Provided information ::
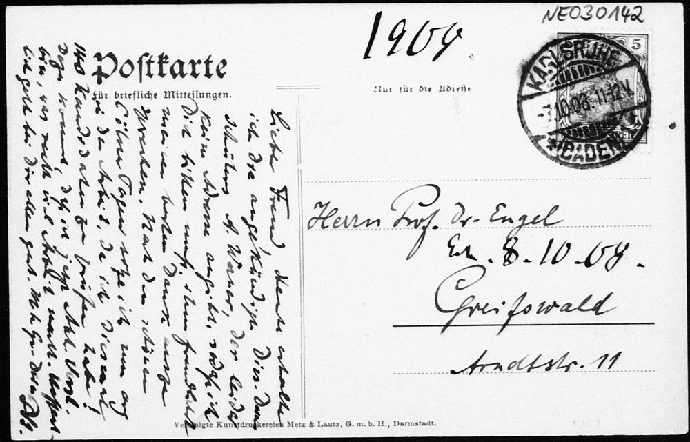 Ansichtskarte von Paul Stäckel an Friedrich Engel vom 7.10.1908
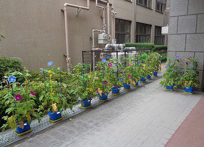 昨日、アサガオの鉢を玄関の横に移動させました。
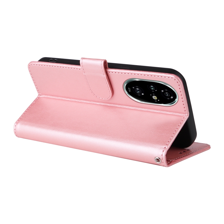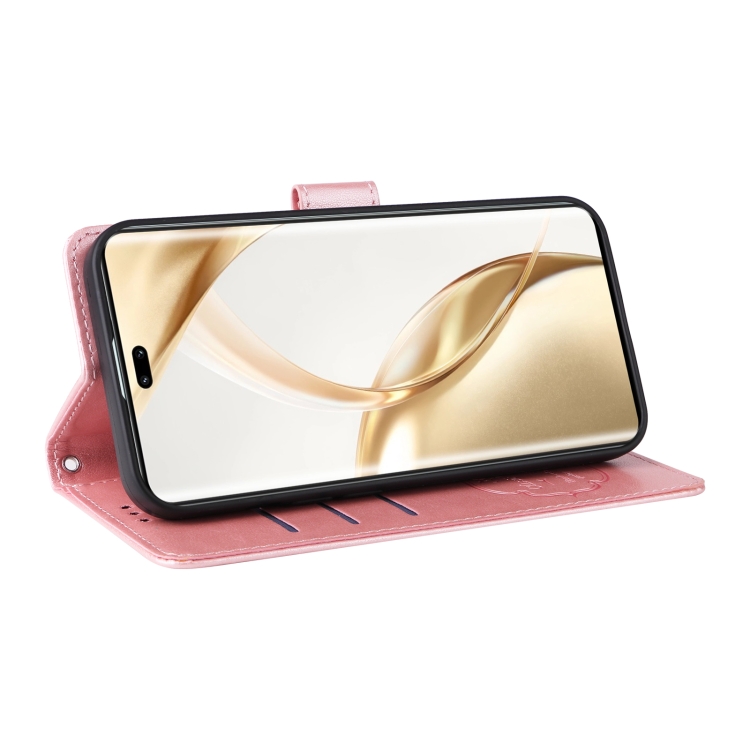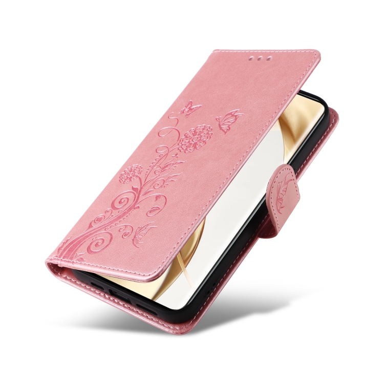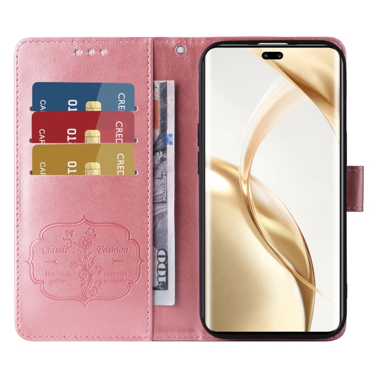 Funda de Cuero para Honor 200 Pro con Diseño de Mariposas y Flores en Relieve (Oro Rosa)
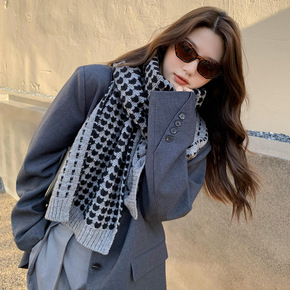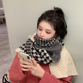 千鸟格子围巾女冬季韩版百搭学生秋冬加厚保暖针织毛线...
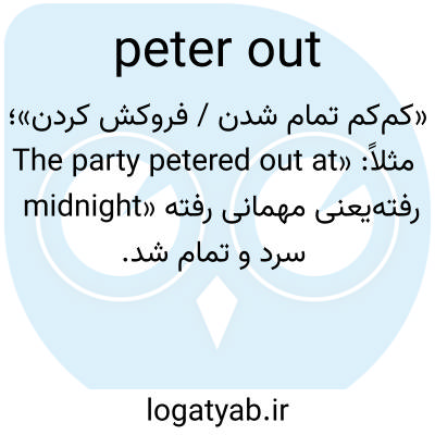 «کم‌کم تمام شدن / فروکش کردن»؛ مثلاً: «The party petered out at midnight» یعنی مهمانی رفته‌رفته سرد و تمام شد.
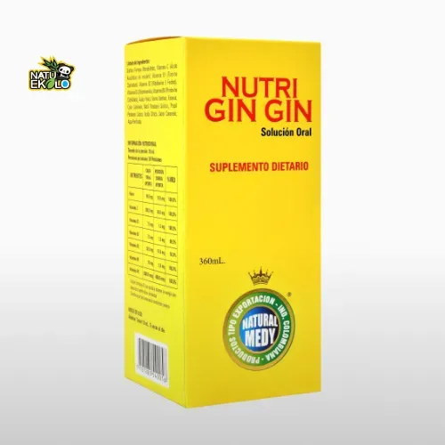 Nutri Gin Gin (Ginkgo biloba y Ginseng), Suplemento dietario que contienen ginkgo biloba y ginseng panax, al igual que una mezcla de vitaminas y minerales que suministran vitalidad y energía. Recomendado para personas con alta exigencia fisica.
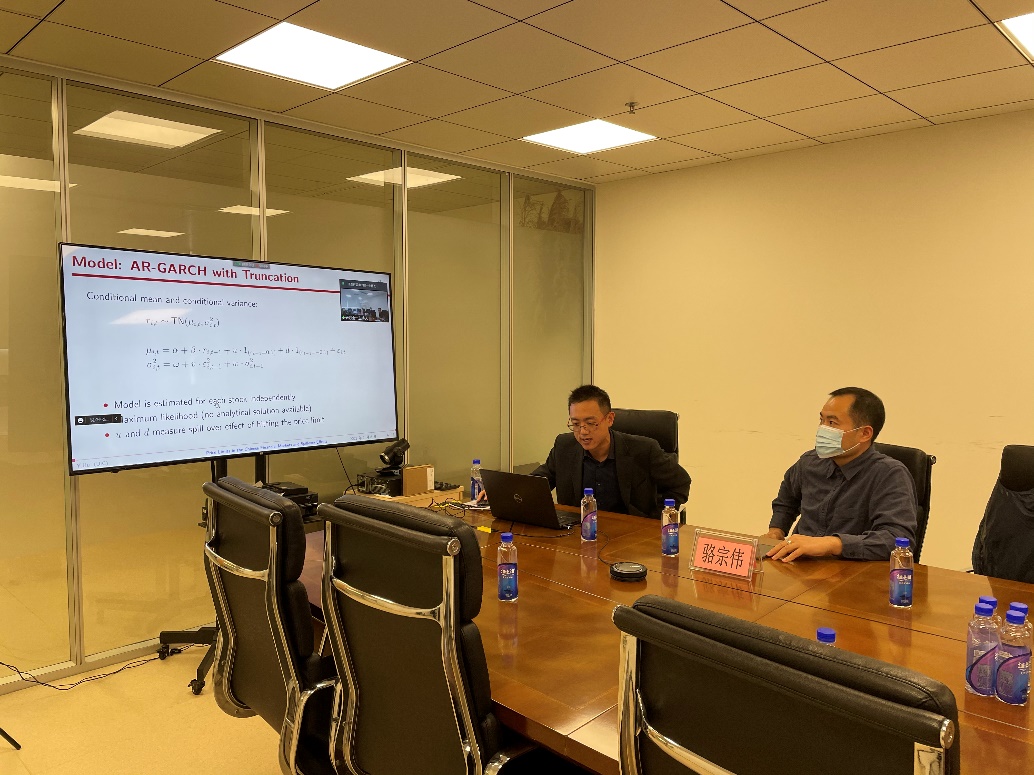 第一位主讲人为北师港浸大助理教授胡瑜加博士,胡博士的报告题目为:Price Limits in the Chinese Financial Markets and Spillover,该报告主要介绍了围绕股票限价政策提出了一个建模参数,能够捕捉到(有限的)价格数据生成过程,捕捉到动态波动和市场相关性,以及价格达到极限后风险和收益的溢出效应。该模型规格是基于具有条件相关性的截断正态GARCH参数化,这在中国金融市场的建模文献中是新的。模型估计值可用于形成交易策略和投资组合风险评估。
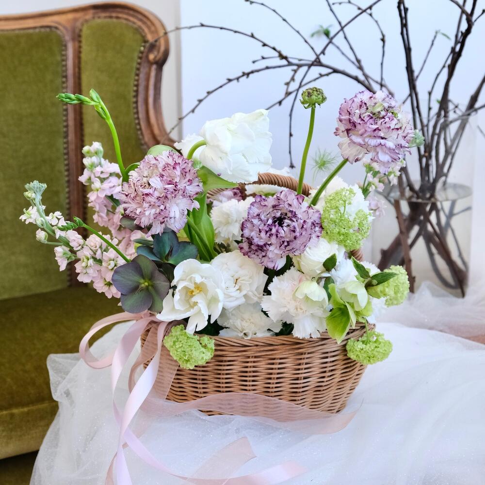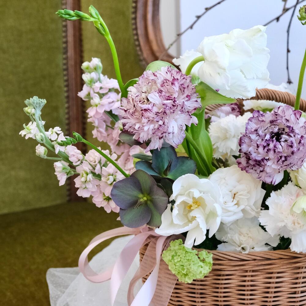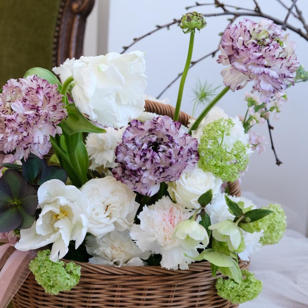 Гвоздика – 6 шт.Корзина плетеная – 1 шт.вибурнум Розеум (Калина зеленая) – 1 шт.Лизиантус Алиса белый – 1 шт.Оазис флористический – 1 шт.Хелеборус (морозник) – 1 шт.Мох стабилизированный – 1 шт.Тюльпан попугайчик – 2 шт.маттиола сиреневая – 3 шт.ранункулюс пон пон – 4 шт.
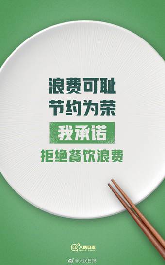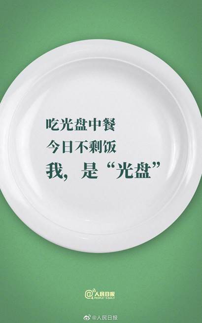 以传承为美,弘扬新风尚。从自身做起,从现在做起,从每一餐做起,把“光盘行动”当做一种习惯,当做一种修养和责任,以“光盘”为荣,以“剩菜”为耻,做到吃光盘中餐、餐餐不剩饭、剩菜要打包,杜绝“舌尖上的浪费”。
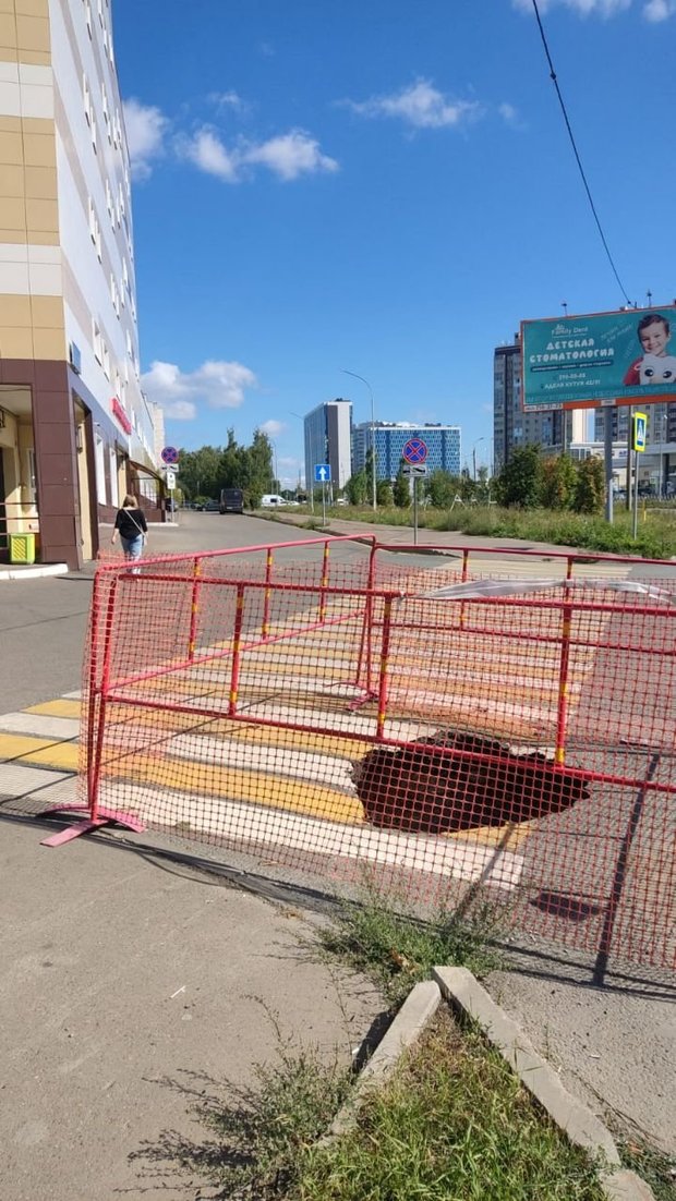Асфальт провалился на месте пешеходного перехода. Сейчас территория частично огорожена.
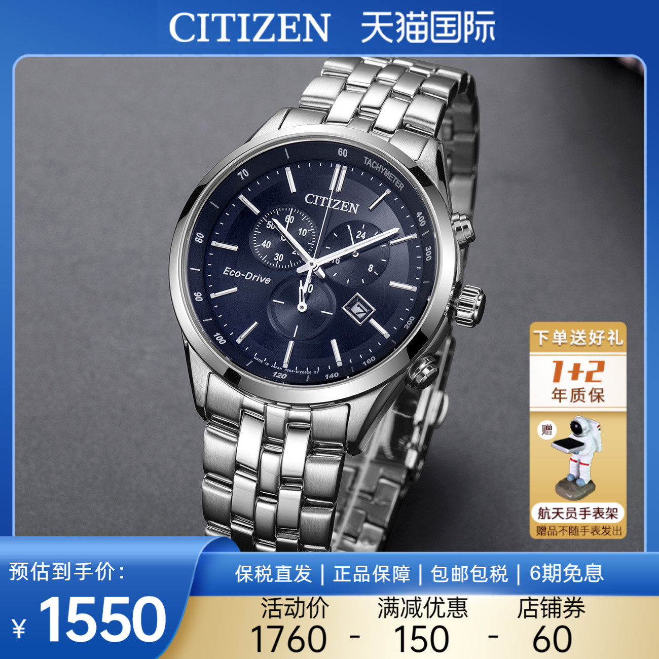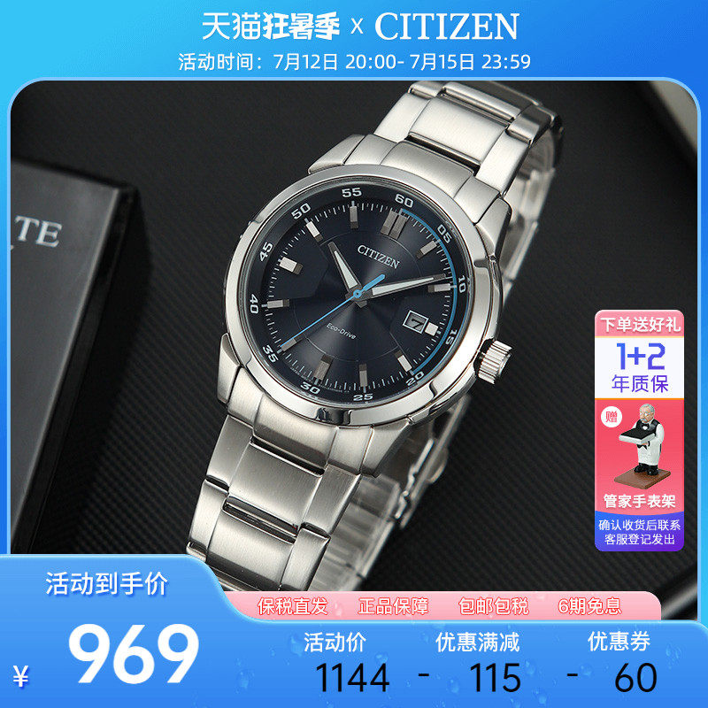 券 60元销量8西铁城Citizen手表男光动能潮流蓝商务休闲个性钢带表BM7140-54L
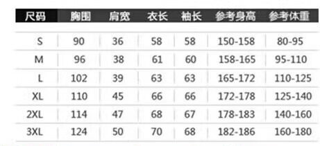 China (cm) 160-165/84-86 165-170 / 88-90 167-172 / 92-96 168-173 / 98-102 170-176 / 106-110
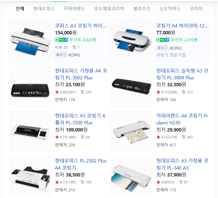 코팅지를 사려고 알아보다가 발견한 가정용 코팅기이다. 코팅하는 기계라고하면 비싸거나 크기가 크지 않을까 싶었는데 생각보다 저렴한 제품도 많았다.
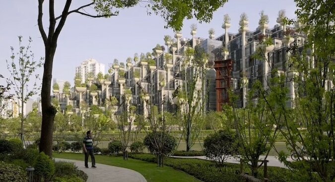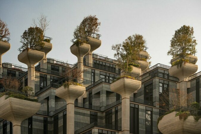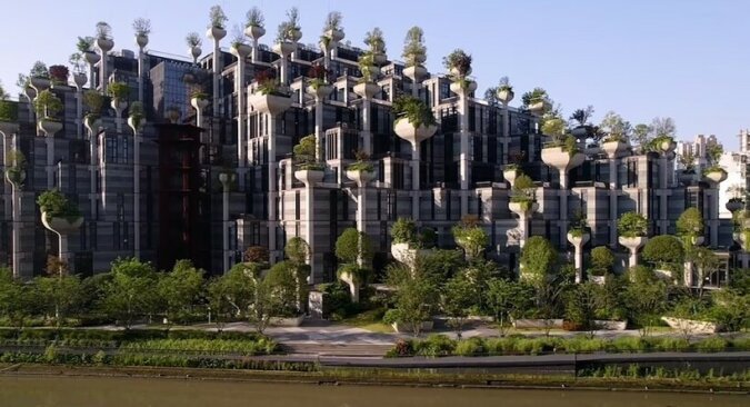 Konstrukcje inżynierskie, ustawione pod pewnym kątem i zawierające ogromne „donice” z drzewami i lianami sprawiają, że budynek wygląda jak niezwykłe miasto-ogród. Nie ma tu tysiąca, lecz dwieście pięćdziesiąt tysięcy terenów zielonych.

Work task :: Once the line containing "코팅지를 사려고 알아보다가" is located, write out exactly that line and each one after it to the end of the records above, excluding pictures and nothing else.

Solution to this task ::
 코팅지를 사려고 알아보다가 발견한 가정용 코팅기이다. 코팅하는 기계라고하면 비싸거나 크기가 크지 않을까 싶었는데 생각보다 저렴한 제품도 많았다.
 Konstrukcje inżynierskie, ustawione pod pewnym kątem i zawierające ogromne „donice” z drzewami i lianami sprawiają, że budynek wygląda jak niezwykłe miasto-ogród. Nie ma tu tysiąca, lecz dwieście pięćdziesiąt tysięcy terenów zielonych.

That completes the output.